“Why won’t he Fight!”
- Jefferson Davis in fit of frustration at Gen. Johnson’s repeated retreats through Georgia in the face of Sherman’s march towards Atlanta.
“I propose to fight it out along this line if it takes all summer.”
-Gen. U.S. Grant – May 11, 1864.
"I used to take his money when we played poker. Now he's trying to take mine.”
- Illinois state Sen. Bill Brady (R), quoted by the National Journal on how he misses the "old" Barack Obama.
General Grant and Jefferson Davis were very different people. However, Grant the sloppy soldier, from a working class background, and Davis, the patrician politician both understood to win you had to fight. Retreat and compromise might gain a short term advantage, but in the end you lose. If you are going to win anything, you have to fight for it.
This week, Davis’ frustration was the frustration of liberal/progressive Democrats who voted for Barack Obama as they watched yet another compromise on the Senate health reform proposal.
I will be honest, I share their frustrations.
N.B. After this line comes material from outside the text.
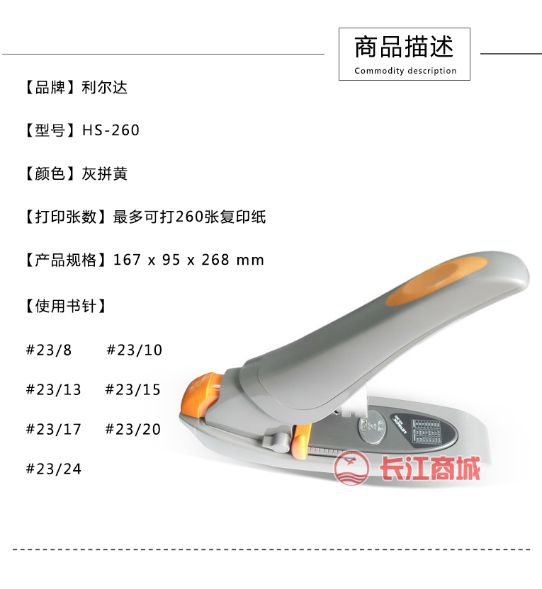 品牌:利尔达 型号:HS-260 类型:特厚重型订书机 产品规格:167*95*268mm

I understand what Obama inherited. He had two wars that the previous administration left languishing, and an economic collapse that threatened the world economy. I do remember his speech in Grant Park on election night, in which he warned us all that the changes that needed to be made may not all be accomplished in his first year, his first term, or even in his administration.
However a year later, in his biggest battle, he seems willing to retreat when faced with any opposition, and we are left, like Jefferson Davis, stomp our feet and tear our hair and yell “Why won’t he fight?”
Gen. Robert E. Lee once said the hardest thing about being General, was you loved your army but to lead it, you had to be willing to lose it. The Obama White House is afraid to sustain the damage that a losing political fight would inflict. But that also means they can’t reap the rewards of winning a major battle.
Let’s think about what would happen if they pushed their chips “all in” like they have done in Afghanistan. What would be different if Rahm Emanuel told Sen. Harry Reid (D-Nev.) to “fight along this line all summer”?
In the best case scenario, Obama would rally support for the Medicare buy-in plan and force Lieberman to back down and the President would look like a powerful savvy leader. The public would have an alternative to the insurance industry when they are required by the Government to buy into health plan. The Democrats would be in a strong position going into both the 2010 and 2012 elections.
On the other hand if Lieberman didn’t back down and he used a filibuster to kill health care reform, the White House and the Democrats would have a very strong story to tell in the 2010 mid-terms. Every Democrat would be able to run on a platform that in the last session, the Republicans and Lieberman sided with big industry against the little guy to protect the profits of the richest industry in America.
Democrats would be able to expand this theme into a national campaign against the “do-nothing congress,” much like Harry Truman did. The Republicans would constantly have to explain why they feel leaving vast amounts of Americans uninsured and without health care is the right thing to do. Democrats could expand their majority to 60 “D” votes. Then they could enact true health reforms without having to cater to the Joe Liebermans of the Senate.
But sadly this chance has passed us by.
With compromise after compromise the feeling grows that Democrats killed health care reform by slicing off huge chunks until nothing was left, all in an attempt to attract Lieberman’s vote. We can’t run against Republicans for killing health care reform because we did it for them.
The narrative now – regardless of whether or not it is true – is that any health reform plan that passes congress is inadequate and forces citizens to buy expensive, unfair policies. The Democrats in the Senate, the story will go, gave the insurance industry a big financial gift at the expense of the little guy.
Now we have nothing to show we helped the average voter any more than the Republicans did when they were in power. What will we say in 2010? “Vote for us because on the things that mattered most – from health care to finance reform, and Wall Street bail-outs we sided with big industry against the average voter”? Or “Vote for us because every time entrenched interests oppose us we give in and fold our cards”?
No wonder Illinois State Senator Bill Brady loved playing poker with Obama. I begin to wonder if every time Brady bluffed, Obama folded. When Obama folded in those late night Springfield poker games he would lose a pot. Now when he folds in the bigger poker game in DC he loses a “full House.”